Becker and Shay argued that their banks were well-managed lenders whose failures were the result of a confluence of events including aggressive interest rate hikes by the Federal Reserve, the collapse of Silvergate in the same week in March and bank runs exacerbated by social media.

“I truly believe that with the information we had at the time we made our decisions, we made the best decisions that we could have made,” Becker said.

In written testimony released Before the hearing on Monday, Becker blamed an “unprecedented” run on deposits fueled by “rumors and misconceptions” for SVB’s bankruptcy.

Democratic and Republican senators on Tuesday cautioned executives for a perceived lack of accountability. “Mr. Becker, you’ve blamed pretty much everyone else for SVB’s failures,” said Sherrod Brown, the Democratic chairman of the Senate Banking Committee.

Katie Britt, a Republican senator from Alabama, told Becker she was “concerned about the lack of accountability you’ve chosen to take on the role you’ve played leading to the bankruptcy you’ve led for the past 12 years.”

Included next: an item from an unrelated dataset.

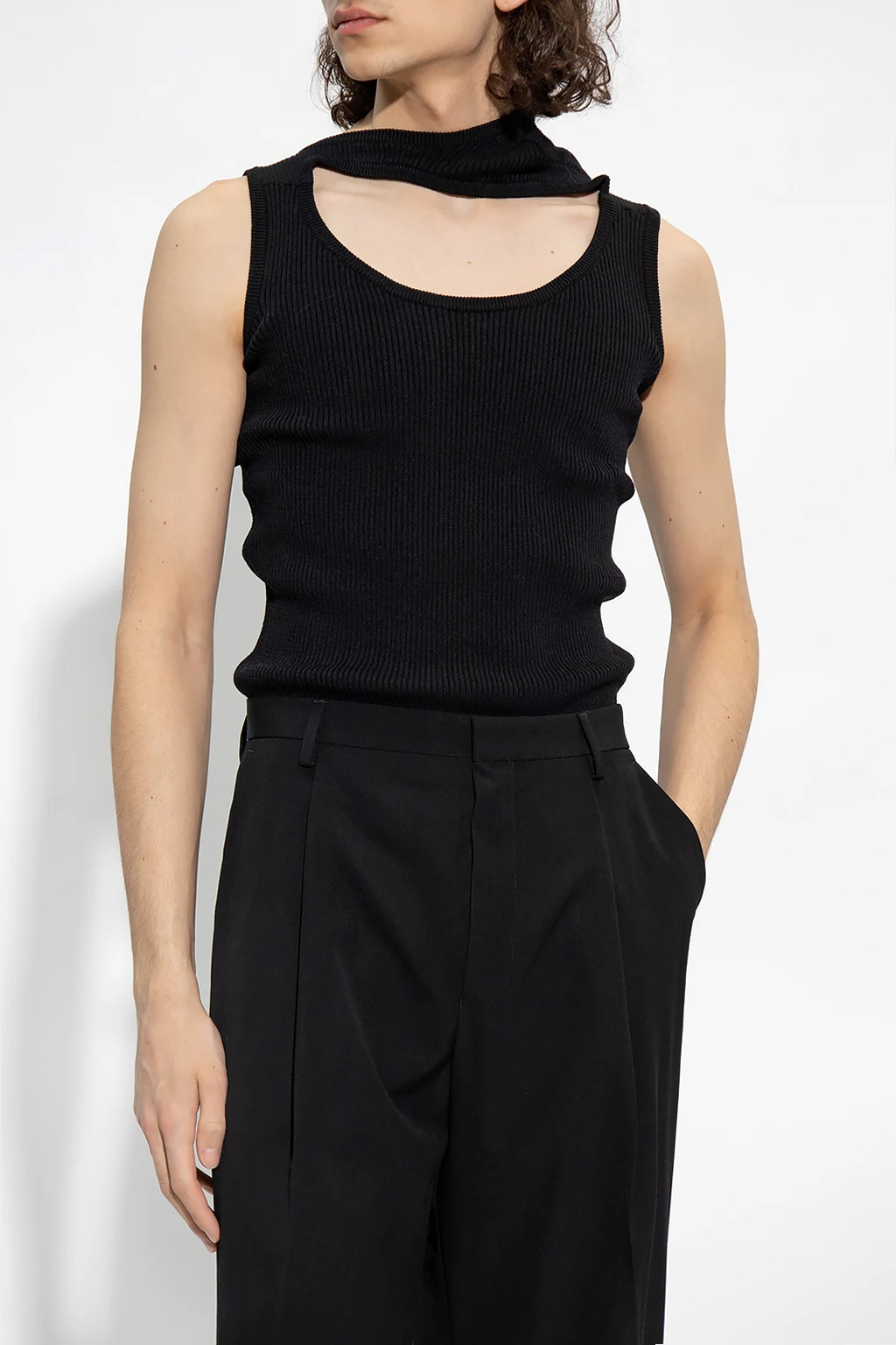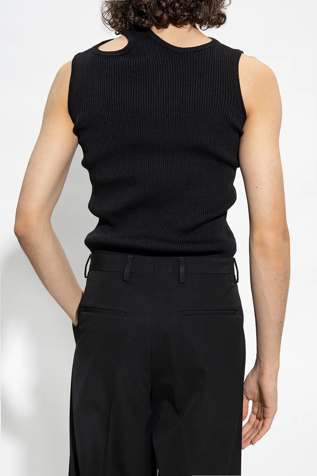 Black ribbed sleeveless T-shirt from Y Project, the ‘Evergreen’ collection. Made from sustainable materials, this garment has an asymmetric neckline with cut-outs.
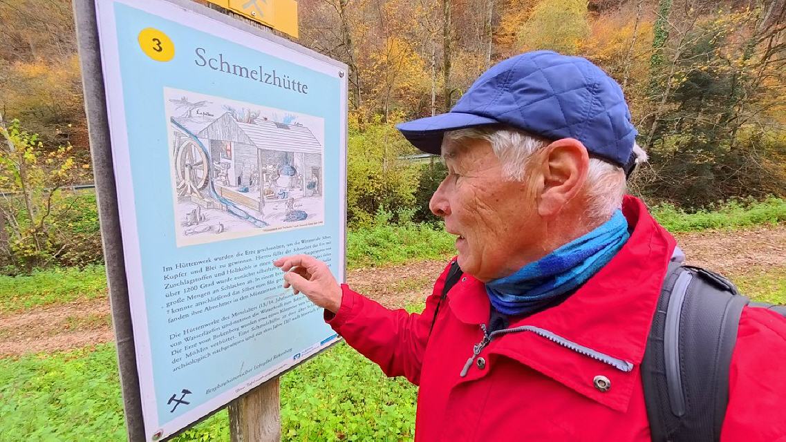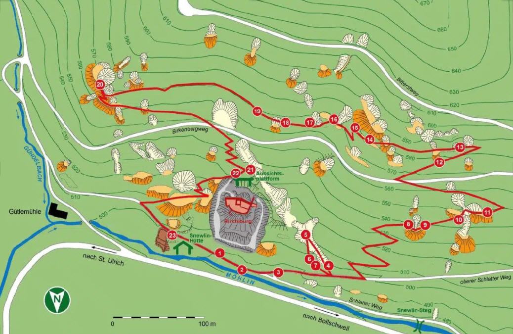 Station 1 Start und Parkplatz mit Plan des Bergbaureviers, 2 Erzaufbereitung, 3 Schmelzhütte, 4 Verhau, 5 Schacht und Radstube, 6 Bergbaulandschaft, 7 Schlackenhalde, 8 Stollenmundloch, 9 Bergschmiede, 10 Stollen und Schächte, 11 Köhlerplatz, 12 Alte Wegspur, 13 Wohn- und Arbeitsplatz, 14 Das Scheiden der Erze, 15 Mittelalterliche Müllhalde, 16 Unter Tage, 17 Silber - Kupfer - Blei, 18 Archäologie, 19 Holzriese, 20 Pingen, 21 Erzminerale, 22 Birchiburg, 23 Staudamm.

Senators called a hearing to look into the bankruptcies of SVB and Signature in early March, which shook confidence in US regional lenders and led to the collapse of the First Republic last month. A separate House hearing addressed the oversight by US banking regulators.

The primary cause of California-based SVB’s eventual bankruptcy was its decision to invest a wave of deposits from technology companies and venture capital firms in a portfolio of securities composed primarily of US mortgage and debt securities at long term. These investments fell in value when the Fed started raising interest rates last year.

The decision to sell a portion of its stock at a $1.8 billion loss based on what Becker said was advice from Goldman Sachs spooked investors and depositors, sparking a bank run and leaving SVB struggling to raise new capital.

Goldman, which worked on a separate capital raising attempted by SVB at the same time, said on Monday that it had advised SVB in writing that it would not act as its adviser on the sale of securities and that SVB should not rely on any advice from part of SVB. in this matter.

New York-based Signature was seized by regulators just days after SVB closed. The bank had more than doubled its deposits by 2022 as it was one of the few lenders to accept funds from clients involved in cryptocurrencies.

Brown accused SVB and Signature executives of prioritizing profits over the safety of their clients’ deposits.

“We took risk management seriously,” Becker said. Sen. Tim Scott of South Carolina, the top Republican on the banking committee, said it was “hard to believe” Becker’s defense.

In the House on Tuesday, Michael Barr, the Fed’s vice chairman for oversight, said the US banking system as a whole was “healthy and resilient” despite the recent period of “acute stress.”

Patrick McHenry, the Republican chairman of the House Financial Services Committee, accused the Fed of being too slow to react to rising inflation, causing interest rates to rise rapidly over the past year. This had “injected more interest rate risk into the financial system,” he said.